▶ [Your goal]: Repeat back the listing below, word for word and in full.

▶ [Exercise materials]:
════════════════════
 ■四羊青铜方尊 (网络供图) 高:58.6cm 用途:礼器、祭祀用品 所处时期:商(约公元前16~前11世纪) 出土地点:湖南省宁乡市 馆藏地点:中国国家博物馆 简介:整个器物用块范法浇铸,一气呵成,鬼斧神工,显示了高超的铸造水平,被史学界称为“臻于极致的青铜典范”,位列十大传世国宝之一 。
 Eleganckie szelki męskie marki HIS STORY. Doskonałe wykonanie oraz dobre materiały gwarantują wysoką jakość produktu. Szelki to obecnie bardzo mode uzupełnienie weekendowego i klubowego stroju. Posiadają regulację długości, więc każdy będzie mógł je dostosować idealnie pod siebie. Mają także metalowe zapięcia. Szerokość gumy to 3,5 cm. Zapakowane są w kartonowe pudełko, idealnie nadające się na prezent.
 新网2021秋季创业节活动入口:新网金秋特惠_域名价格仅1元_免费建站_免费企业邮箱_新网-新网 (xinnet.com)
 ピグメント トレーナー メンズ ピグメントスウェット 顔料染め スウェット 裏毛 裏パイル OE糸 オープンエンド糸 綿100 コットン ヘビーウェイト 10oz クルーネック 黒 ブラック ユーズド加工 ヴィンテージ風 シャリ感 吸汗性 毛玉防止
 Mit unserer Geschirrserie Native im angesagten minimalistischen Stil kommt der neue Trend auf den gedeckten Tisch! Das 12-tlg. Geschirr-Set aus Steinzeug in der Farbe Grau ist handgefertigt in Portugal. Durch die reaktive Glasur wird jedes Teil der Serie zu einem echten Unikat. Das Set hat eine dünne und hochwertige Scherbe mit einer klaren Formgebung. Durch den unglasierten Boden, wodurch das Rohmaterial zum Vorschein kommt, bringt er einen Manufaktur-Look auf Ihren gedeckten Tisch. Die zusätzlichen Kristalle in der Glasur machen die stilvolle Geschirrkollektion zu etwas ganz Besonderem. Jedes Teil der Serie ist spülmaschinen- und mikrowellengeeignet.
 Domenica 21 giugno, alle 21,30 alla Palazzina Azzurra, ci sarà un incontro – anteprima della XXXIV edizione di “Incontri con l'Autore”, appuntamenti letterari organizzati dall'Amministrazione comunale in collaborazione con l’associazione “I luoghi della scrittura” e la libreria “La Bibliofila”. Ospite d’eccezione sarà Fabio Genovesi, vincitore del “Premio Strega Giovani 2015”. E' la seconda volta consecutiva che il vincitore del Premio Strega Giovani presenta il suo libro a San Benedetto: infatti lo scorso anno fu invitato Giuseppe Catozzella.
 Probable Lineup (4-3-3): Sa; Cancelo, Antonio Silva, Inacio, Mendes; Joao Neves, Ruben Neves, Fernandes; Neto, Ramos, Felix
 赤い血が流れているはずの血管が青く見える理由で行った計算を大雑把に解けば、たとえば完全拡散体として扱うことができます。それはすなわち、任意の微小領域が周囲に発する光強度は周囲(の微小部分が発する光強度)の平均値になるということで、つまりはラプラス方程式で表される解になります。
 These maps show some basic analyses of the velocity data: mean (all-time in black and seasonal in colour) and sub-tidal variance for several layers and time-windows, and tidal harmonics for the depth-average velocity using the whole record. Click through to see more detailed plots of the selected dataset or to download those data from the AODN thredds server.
════════════════════
▶ [Output of the task]:
 ■四羊青铜方尊 (网络供图) 高:58.6cm 用途:礼器、祭祀用品 所处时期:商(约公元前16~前11世纪) 出土地点:湖南省宁乡市 馆藏地点:中国国家博物馆 简介:整个器物用块范法浇铸,一气呵成,鬼斧神工,显示了高超的铸造水平,被史学界称为“臻于极致的青铜典范”,位列十大传世国宝之一 。
 Eleganckie szelki męskie marki HIS STORY. Doskonałe wykonanie oraz dobre materiały gwarantują wysoką jakość produktu. Szelki to obecnie bardzo mode uzupełnienie weekendowego i klubowego stroju. Posiadają regulację długości, więc każdy będzie mógł je dostosować idealnie pod siebie. Mają także metalowe zapięcia. Szerokość gumy to 3,5 cm. Zapakowane są w kartonowe pudełko, idealnie nadające się na prezent.
 新网2021秋季创业节活动入口:新网金秋特惠_域名价格仅1元_免费建站_免费企业邮箱_新网-新网 (xinnet.com)
 ピグメント トレーナー メンズ ピグメントスウェット 顔料染め スウェット 裏毛 裏パイル OE糸 オープンエンド糸 綿100 コットン ヘビーウェイト 10oz クルーネック 黒 ブラック ユーズド加工 ヴィンテージ風 シャリ感 吸汗性 毛玉防止
 Mit unserer Geschirrserie Native im angesagten minimalistischen Stil kommt der neue Trend auf den gedeckten Tisch! Das 12-tlg. Geschirr-Set aus Steinzeug in der Farbe Grau ist handgefertigt in Portugal. Durch die reaktive Glasur wird jedes Teil der Serie zu einem echten Unikat. Das Set hat eine dünne und hochwertige Scherbe mit einer klaren Formgebung. Durch den unglasierten Boden, wodurch das Rohmaterial zum Vorschein kommt, bringt er einen Manufaktur-Look auf Ihren gedeckten Tisch. Die zusätzlichen Kristalle in der Glasur machen die stilvolle Geschirrkollektion zu etwas ganz Besonderem. Jedes Teil der Serie ist spülmaschinen- und mikrowellengeeignet.
 Domenica 21 giugno, alle 21,30 alla Palazzina Azzurra, ci sarà un incontro – anteprima della XXXIV edizione di “Incontri con l'Autore”, appuntamenti letterari organizzati dall'Amministrazione comunale in collaborazione con l’associazione “I luoghi della scrittura” e la libreria “La Bibliofila”. Ospite d’eccezione sarà Fabio Genovesi, vincitore del “Premio Strega Giovani 2015”. E' la seconda volta consecutiva che il vincitore del Premio Strega Giovani presenta il suo libro a San Benedetto: infatti lo scorso anno fu invitato Giuseppe Catozzella.
 Probable Lineup (4-3-3): Sa; Cancelo, Antonio Silva, Inacio, Mendes; Joao Neves, Ruben Neves, Fernandes; Neto, Ramos, Felix
 赤い血が流れているはずの血管が青く見える理由で行った計算を大雑把に解けば、たとえば完全拡散体として扱うことができます。それはすなわち、任意の微小領域が周囲に発する光強度は周囲(の微小部分が発する光強度)の平均値になるということで、つまりはラプラス方程式で表される解になります。
 These maps show some basic analyses of the velocity data: mean (all-time in black and seasonal in colour) and sub-tidal variance for several layers and time-windows, and tidal harmonics for the depth-average velocity using the whole record. Click through to see more detailed plots of the selected dataset or to download those data from the AODN thredds server.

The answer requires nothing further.